* What the exercise asks: Begin at the line containing "2017年5月15日晚,湖南" and restate it and each line after it exactly, up to and including the last line below. Leave pictures out.

--- Dataset extract ---

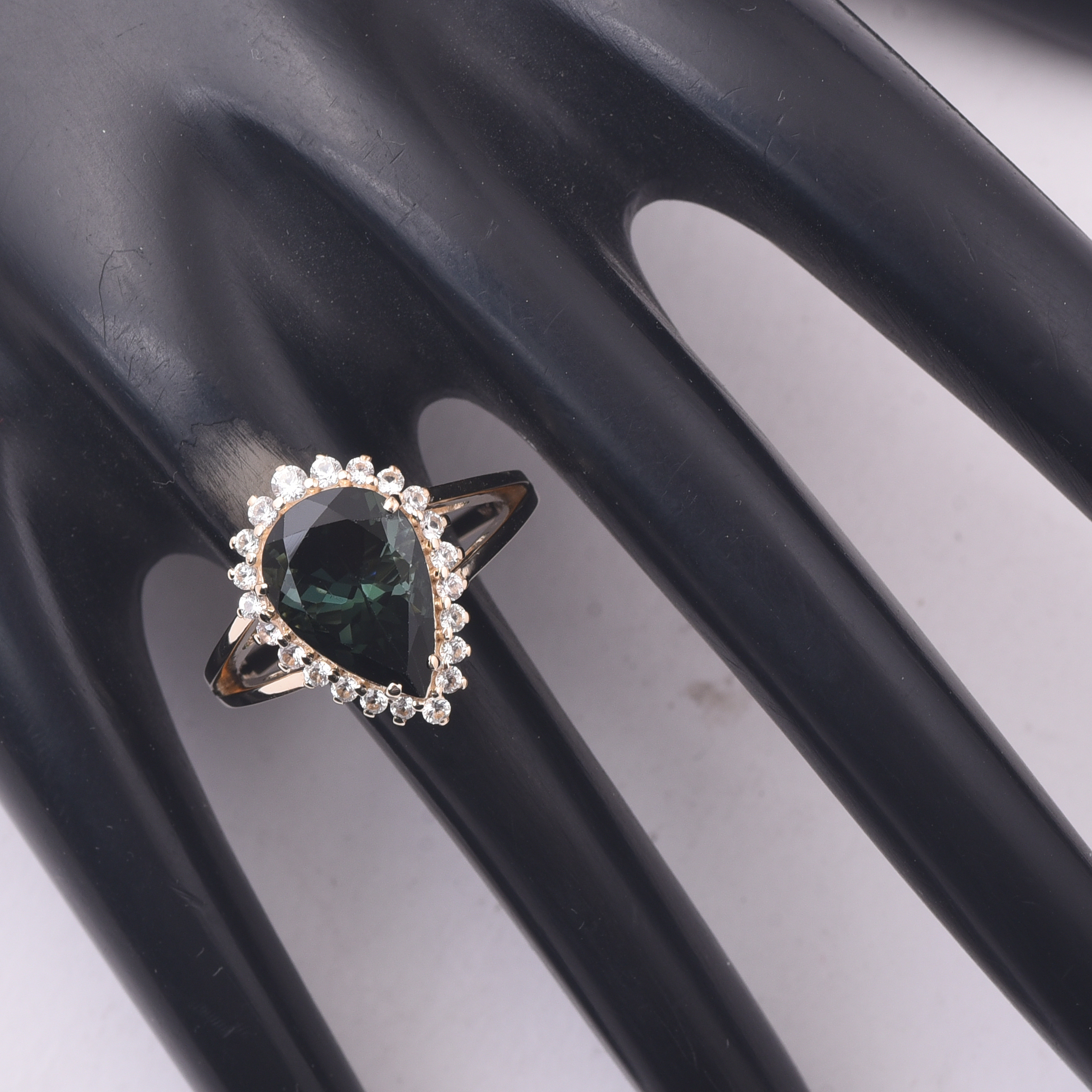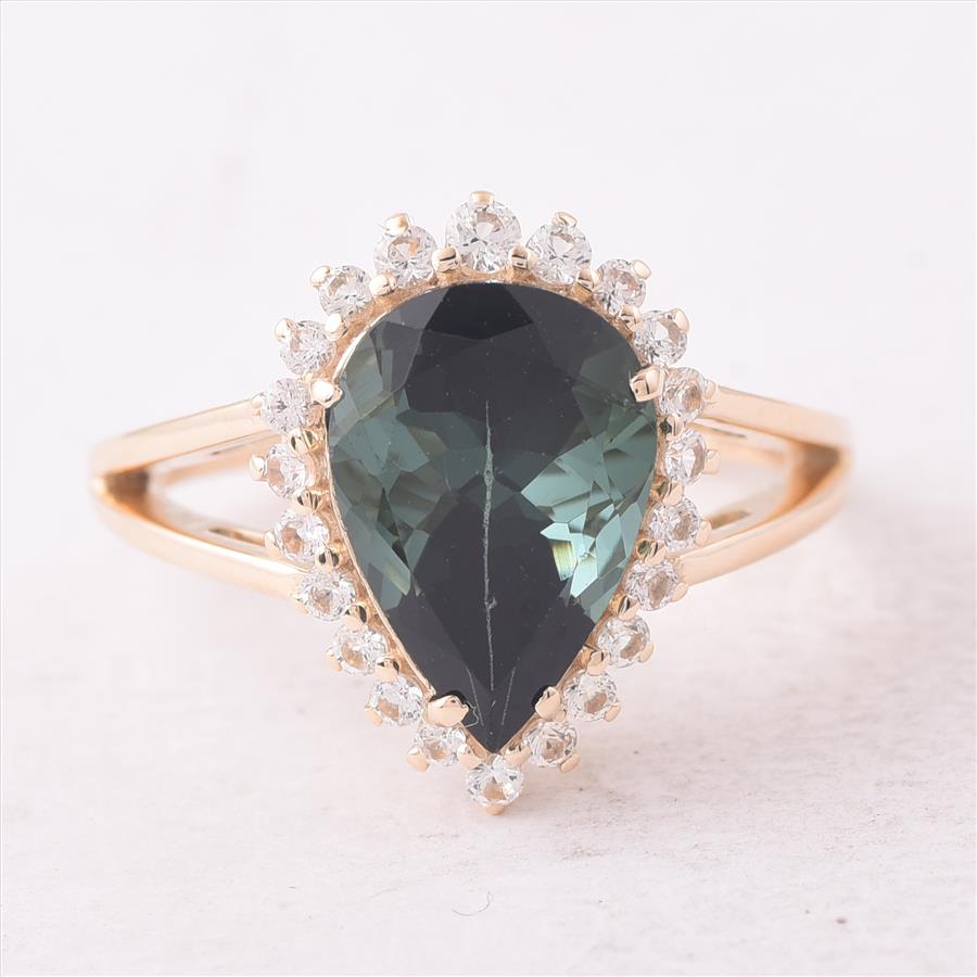 9K Gold 4.24 Ct Pear Tourmaline Ring 7 US Ring Size
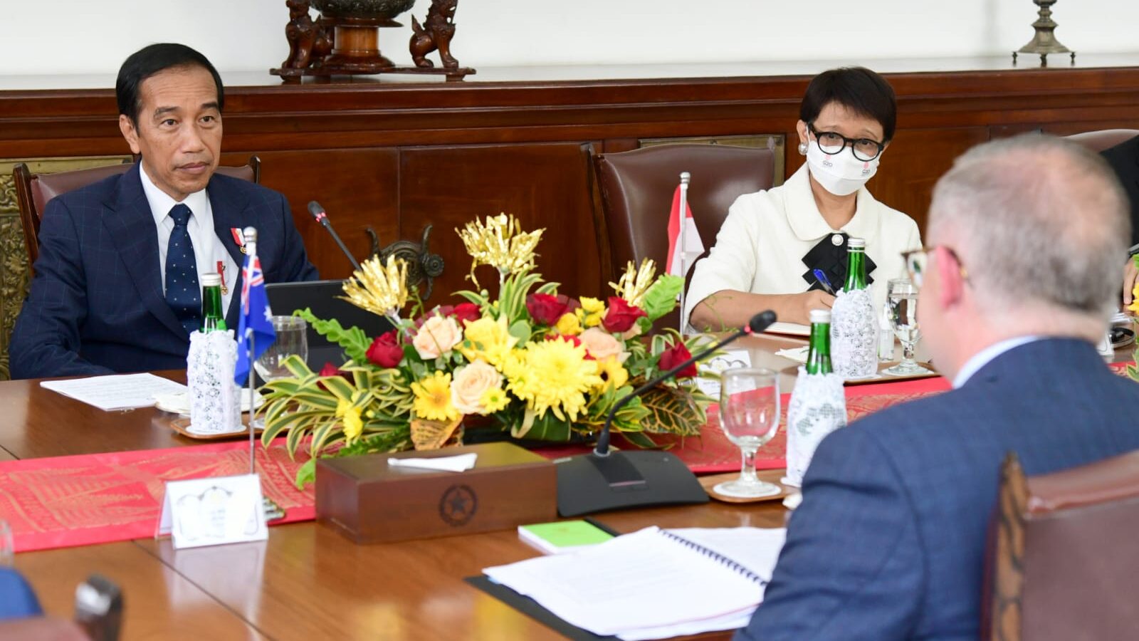 Presiden Joko Widodo menggelar pertemuan bilateral dengan Perdana Menteri (PM) Australia Anthony Albanese dalam kunjungan resminya ke Istana Kepresidenan Bogor, Jawa Barat, pada Senin, 6 Juni 2022. Dalam pertemuan tersebut, kedua pemimpin negara membahas sejumlah upaya kerja sama bilateral utamanya dalam bidang ekonomi.
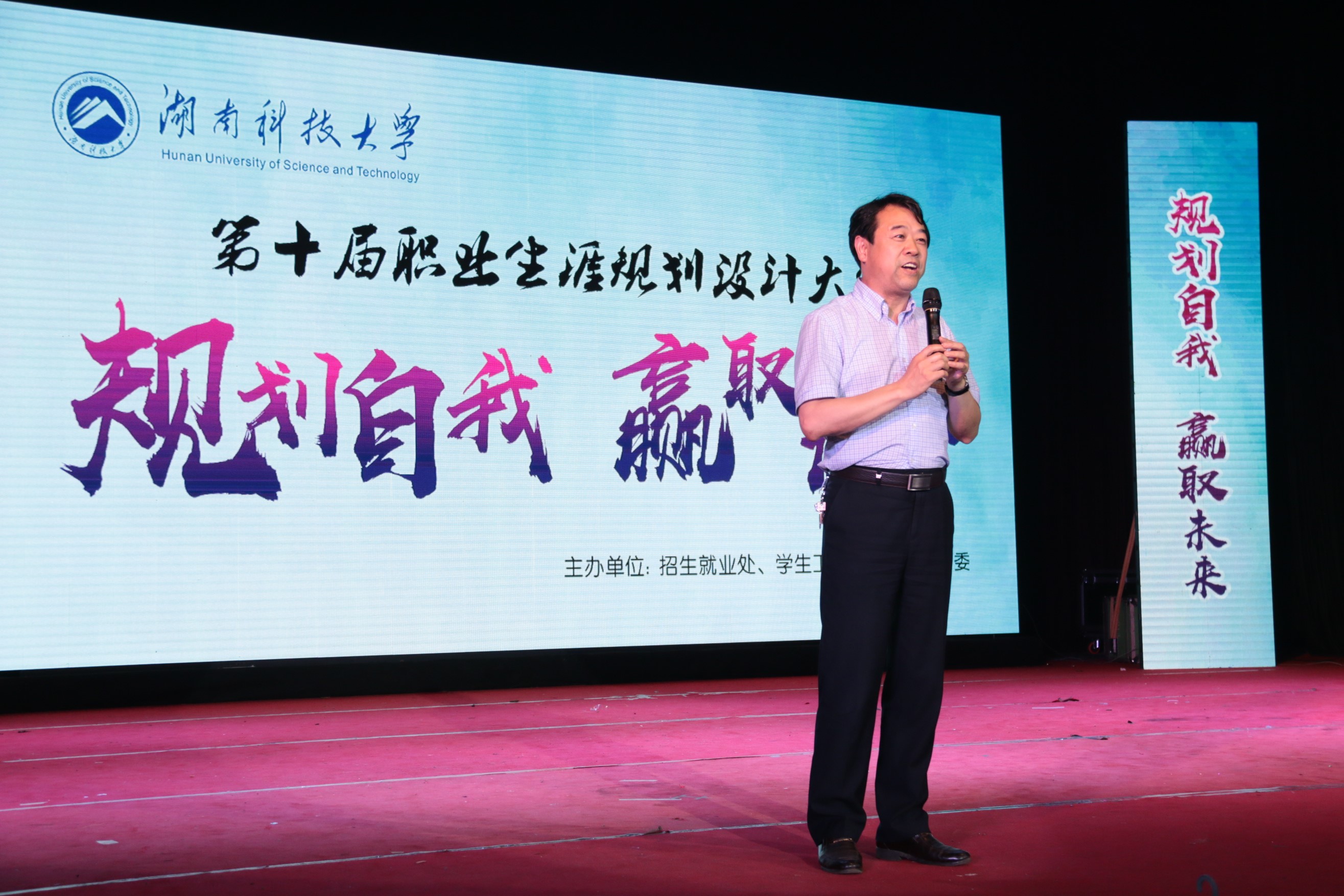 2017年5月15日晚,湖南科技大学第十届职业生涯规划设计大赛在南校俱乐部拉开帷幕,本次比赛由湖南科技大学招生就业处、学生工作部、团委主办,3044am永利集团官网承办。副校长胡石其、招生处处长蒋利平、党委宣传部部长何频等出席了本次大赛,数百名学生现场观看比赛,并为选手加油鼓劲。11位参赛选手通过精美的PPT和全面的自我展示,上演了一场精彩的大学生职业生涯规划教育盛宴。
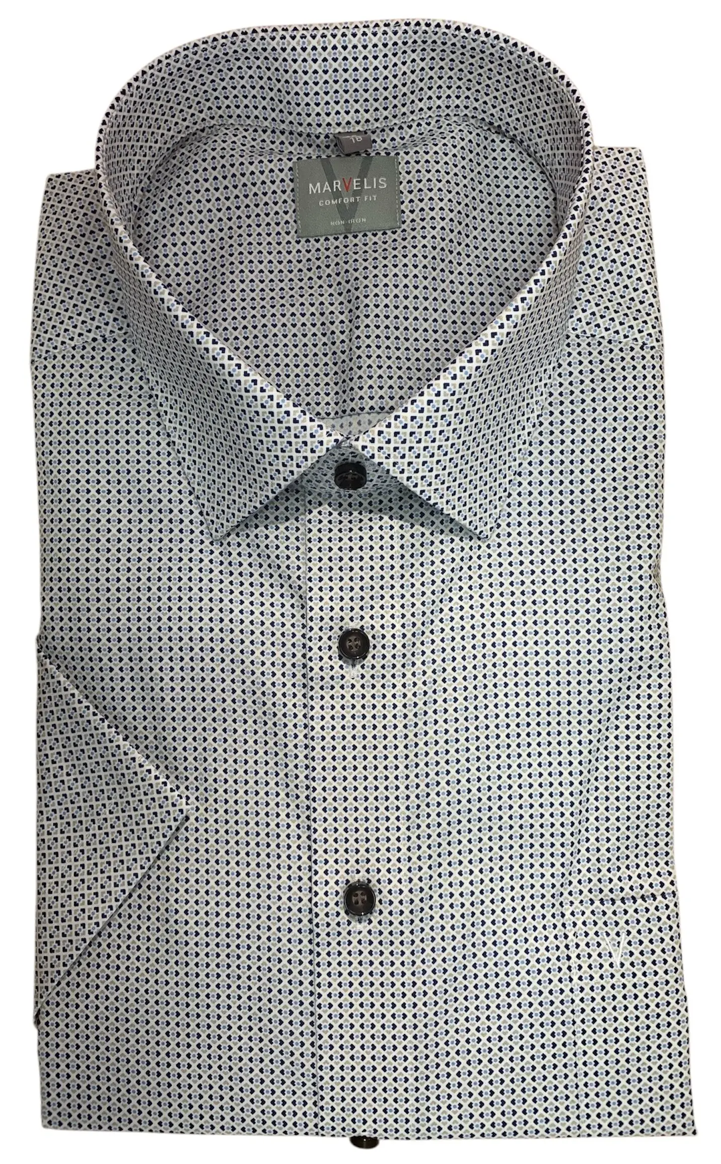 Marvelis overhemd korte mouw blauw beige dessin. Marvelis overhemd korte mouw met borstzakje. Overhemd in model comfort fit 100% katoen strijkvrij.

---

* Solution:
 2017年5月15日晚,湖南科技大学第十届职业生涯规划设计大赛在南校俱乐部拉开帷幕,本次比赛由湖南科技大学招生就业处、学生工作部、团委主办,3044am永利集团官网承办。副校长胡石其、招生处处长蒋利平、党委宣传部部长何频等出席了本次大赛,数百名学生现场观看比赛,并为选手加油鼓劲。11位参赛选手通过精美的PPT和全面的自我展示,上演了一场精彩的大学生职业生涯规划教育盛宴。
 Marvelis overhemd korte mouw blauw beige dessin. Marvelis overhemd korte mouw met borstzakje. Overhemd in model comfort fit 100% katoen strijkvrij.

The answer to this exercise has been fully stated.